Required work → The entries below should be set down again exactly, with every picture left out.

Records shown →

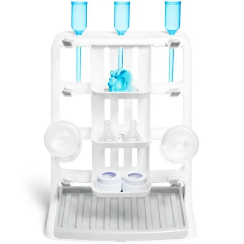 With a smart vertical design and clips to hold bottles at just the right angle for drying, this compact rack is the perfect match for limited counter space. There’s no need for multiple drying racks; this one has dedicated spots and slots to keep everything in one place, plus a drip tray that pulls out for more room when you need it. Uncluttered counters are finally within reach — and so are freshly cleaned baby bottles!
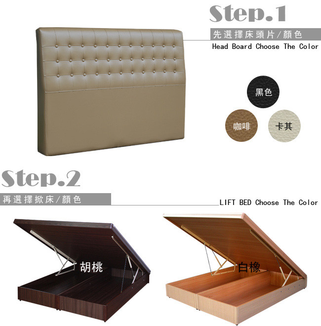- 掀床共有『胡桃色、白橡色』2種色系可供選擇,共有6種組合,可以讓您任意搭配,
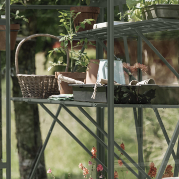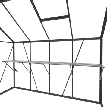 Une table de culture ou table de rempotage offre un espace de travail surélevé dans votre serre, idéal pour les semis, le rempotage ou l’arrosage. Elle permet également de ranger les matériaux fréquemment utilisés. La structure comprend 4 étagères, des supports et des entretoises. La connexion au cadre de la serre est assurée par des boulons et écrous (à tête marteau) de taille standard M6, garantissant une fixation solide. La hauteur est ajustable pour une position de travail ergonomique, vous permettant de semer et cultiver à votre hauteur préférée. Avec une profondeur de 42,5 cm, la table de culture peut s’adapter à toutes les tailles de serre, optimisant ainsi l’espace intérieur
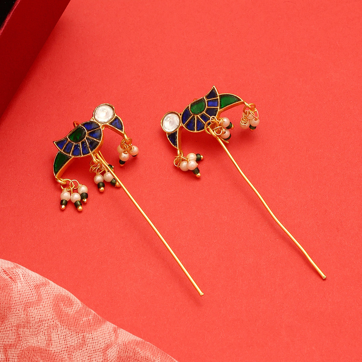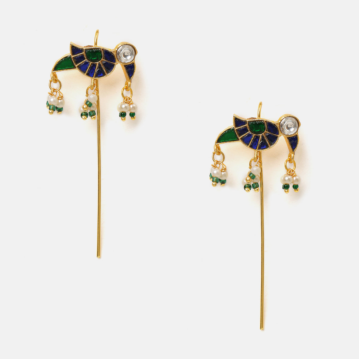 USE CODE: LOVE10This Pair of Earrings feels alive in the nicest way. The Green stones sit close to the ear , and the pearl drops fall gently, adding that movement every time you turn your head. It’s one of those pieces people look at twice, not because it’s loud, but because it’s different. Handcrafted with care, it carries a soft and an organic feel.
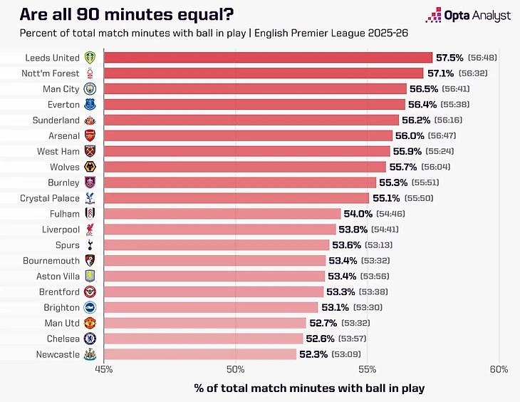 Мяч находится в игре в среднем лишь 54,7% времени матчей Премьер-лиги в этом сезоне; при этом самый низкий показатель за последние 10 полных сезонов составлял 55,7% — и это было в 2022/23.
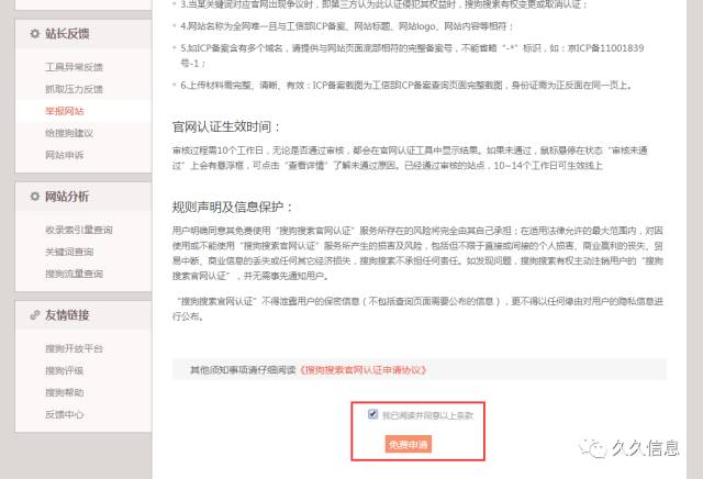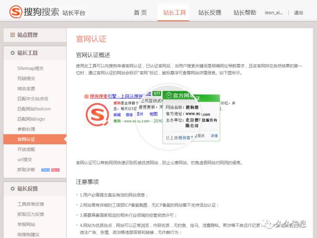 5、确认后等待审核结果 中文站点名、icon、logo的审核周期一般为7-10个工作日,注意是工作日,这仅仅是基础信息审核时间不包括官网认证时间。据搜狗官方说法,官网认证成功后上线时间为10-14个工作日,你懂的。 官网认证基本条件 1、用户需提交真实有效的网站信息。 2、网站需有完整的工信部ICP备案截图,无ICP备案的网站暂不支持添加认证。 3、须具备国家规定的相关行业领域的经营资质许可。 4、网站为优质站点,网站已被搜狗搜索收录,网站可以正常浏览,内容优质,无钓鱼、挂马、泄露隐私、欺诈等不良运行记录,无重大安全隐患,无违法广告,色情、政治等违禁信息和链接,无作弊行为。 5、包含个人姓名的博客、医疗机构类网站、金融理财类网站、P2P网贷类网站,暂不支持添加认证。 官网认证注意事项 1、官网认证有效期为一年,从认证通过日期开始计算,到期后请重新提交认证申请。 2、当某关键词对应官网出现争议时,即第三方认为此认证侵犯其权益时,搜狗搜索有权变更或取消认证。 3、网站名称为全网唯一且与工信部ICP备案、网站标题、网站logo、网站内容等相符。 4、如ICP备案含有多个域名,请提供与网站页面底部相符的完整备案号,不能省略"-*"标识,如:京ICP备11001839号-1。 5、上传材料需完整、清晰、有效:ICP备案截图为工信部ICP备案查询页面完整截图,企业法人营业执照需含年检部分,身份证需为正反面在同一页上。 |

Completed task →
 With a smart vertical design and clips to hold bottles at just the right angle for drying, this compact rack is the perfect match for limited counter space. There’s no need for multiple drying racks; this one has dedicated spots and slots to keep everything in one place, plus a drip tray that pulls out for more room when you need it. Uncluttered counters are finally within reach — and so are freshly cleaned baby bottles!
- 掀床共有『胡桃色、白橡色』2種色系可供選擇,共有6種組合,可以讓您任意搭配,
 Une table de culture ou table de rempotage offre un espace de travail surélevé dans votre serre, idéal pour les semis, le rempotage ou l’arrosage. Elle permet également de ranger les matériaux fréquemment utilisés. La structure comprend 4 étagères, des supports et des entretoises. La connexion au cadre de la serre est assurée par des boulons et écrous (à tête marteau) de taille standard M6, garantissant une fixation solide. La hauteur est ajustable pour une position de travail ergonomique, vous permettant de semer et cultiver à votre hauteur préférée. Avec une profondeur de 42,5 cm, la table de culture peut s’adapter à toutes les tailles de serre, optimisant ainsi l’espace intérieur
 USE CODE: LOVE10This Pair of Earrings feels alive in the nicest way. The Green stones sit close to the ear , and the pearl drops fall gently, adding that movement every time you turn your head. It’s one of those pieces people look at twice, not because it’s loud, but because it’s different. Handcrafted with care, it carries a soft and an organic feel.
 Мяч находится в игре в среднем лишь 54,7% времени матчей Премьер-лиги в этом сезоне; при этом самый низкий показатель за последние 10 полных сезонов составлял 55,7% — и это было в 2022/23.
 5、确认后等待审核结果 中文站点名、icon、logo的审核周期一般为7-10个工作日,注意是工作日,这仅仅是基础信息审核时间不包括官网认证时间。据搜狗官方说法,官网认证成功后上线时间为10-14个工作日,你懂的。 官网认证基本条件 1、用户需提交真实有效的网站信息。 2、网站需有完整的工信部ICP备案截图,无ICP备案的网站暂不支持添加认证。 3、须具备国家规定的相关行业领域的经营资质许可。 4、网站为优质站点,网站已被搜狗搜索收录,网站可以正常浏览,内容优质,无钓鱼、挂马、泄露隐私、欺诈等不良运行记录,无重大安全隐患,无违法广告,色情、政治等违禁信息和链接,无作弊行为。 5、包含个人姓名的博客、医疗机构类网站、金融理财类网站、P2P网贷类网站,暂不支持添加认证。 官网认证注意事项 1、官网认证有效期为一年,从认证通过日期开始计算,到期后请重新提交认证申请。 2、当某关键词对应官网出现争议时,即第三方认为此认证侵犯其权益时,搜狗搜索有权变更或取消认证。 3、网站名称为全网唯一且与工信部ICP备案、网站标题、网站logo、网站内容等相符。 4、如ICP备案含有多个域名,请提供与网站页面底部相符的完整备案号,不能省略"-*"标识,如:京ICP备11001839号-1。 5、上传材料需完整、清晰、有效:ICP备案截图为工信部ICP备案查询页面完整截图,企业法人营业执照需含年检部分,身份证需为正反面在同一页上。 |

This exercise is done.